Professor Guduru's research focusses on several aspects of Experimental Mechanics, with emphasis on phenomena at micro and nano length scales. The current active areas of research are: biologically inspired contact mechanics, adhesion and friction; developing nanofabrication strategies by means of guided self assembly using electric and magnetic fields; mechanics of carbon nanotubes: experiments and modeling; and mechanical behavior of biological tissues; and mechanics of energy storage materials.

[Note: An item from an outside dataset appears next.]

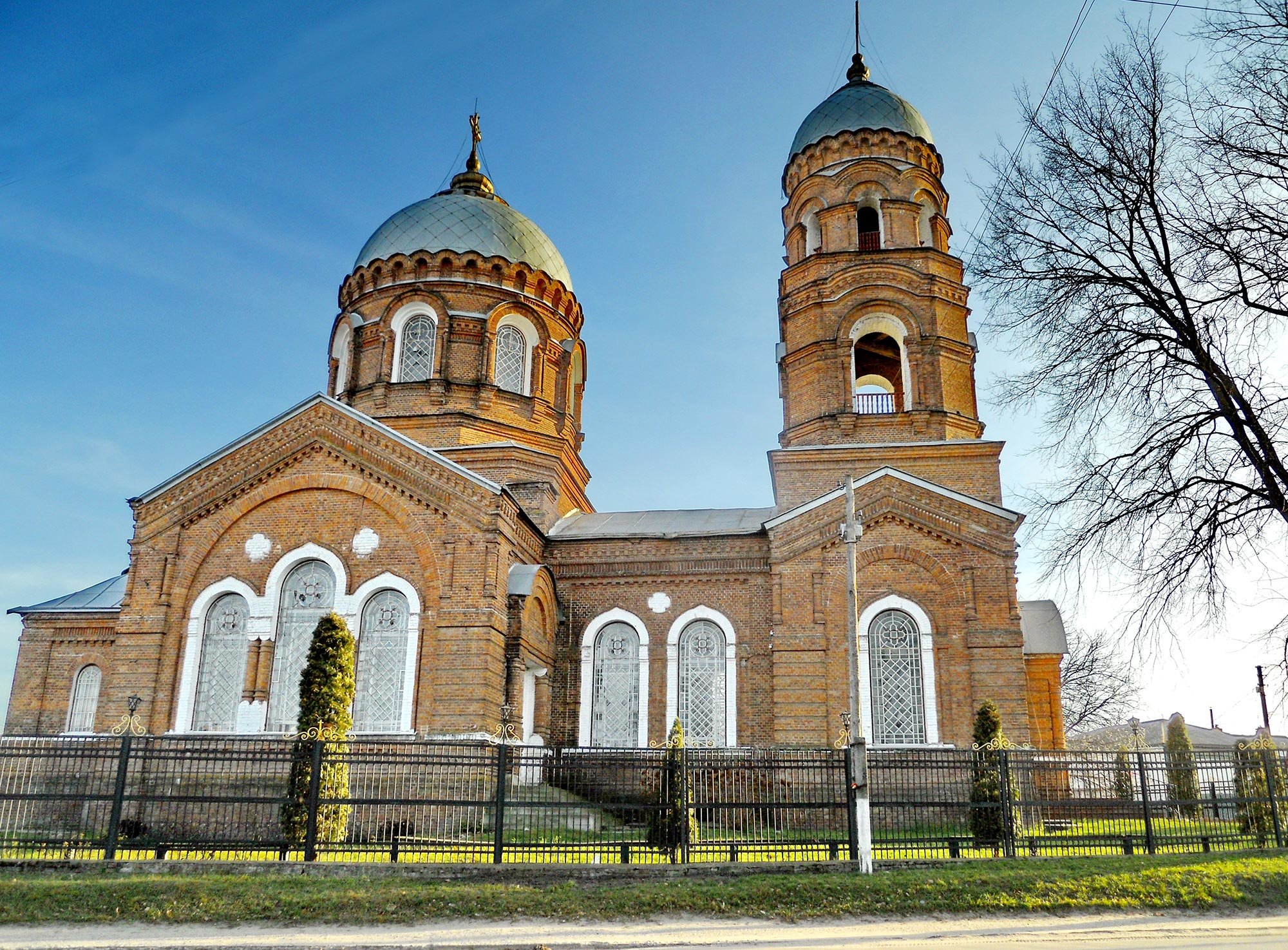 Миколаївська церква в Лебедині була зведена в 1890 році архітектором Володимиром Немкіним, який спроектував безліч культових споруд в Харкові. Згідно з іншими джерелами, будівництво храму слід датувати 1912-1914 роками. Церква є класичним зразком популярного на той час «цегляного стилю», який поєднує в собі елементи ренесансу та візантійського стилю. Церква хрестоподібна в плані, головну роль в композиції відіграє триярусна дзвіниця. Будівля щедро прикрашена декоративними елементами: карнизами, арками й дентикулами.

Mechanics of Energy Storage Materials
Developing lithium ion batteries with higher energy density is considered to be an important challenge of our times in order to enable electric vehicles that can compete and hopefully replace internal combustion engine driven vehicles. Developing the next generation of Li-ion batteries requires designing new anodes, cathodes and electrolytes that can survive thousands of charge-discharge cycles with minimal capacity fading. Stresses in the electrode materials not only determine the mechanical integrity & cycle life, but also influence the electrochemical performance. It is essential to understand the mechanics of damage evolution in the electrode materials in order to develop predictive models to help battery designers in arriving at optimal material designs.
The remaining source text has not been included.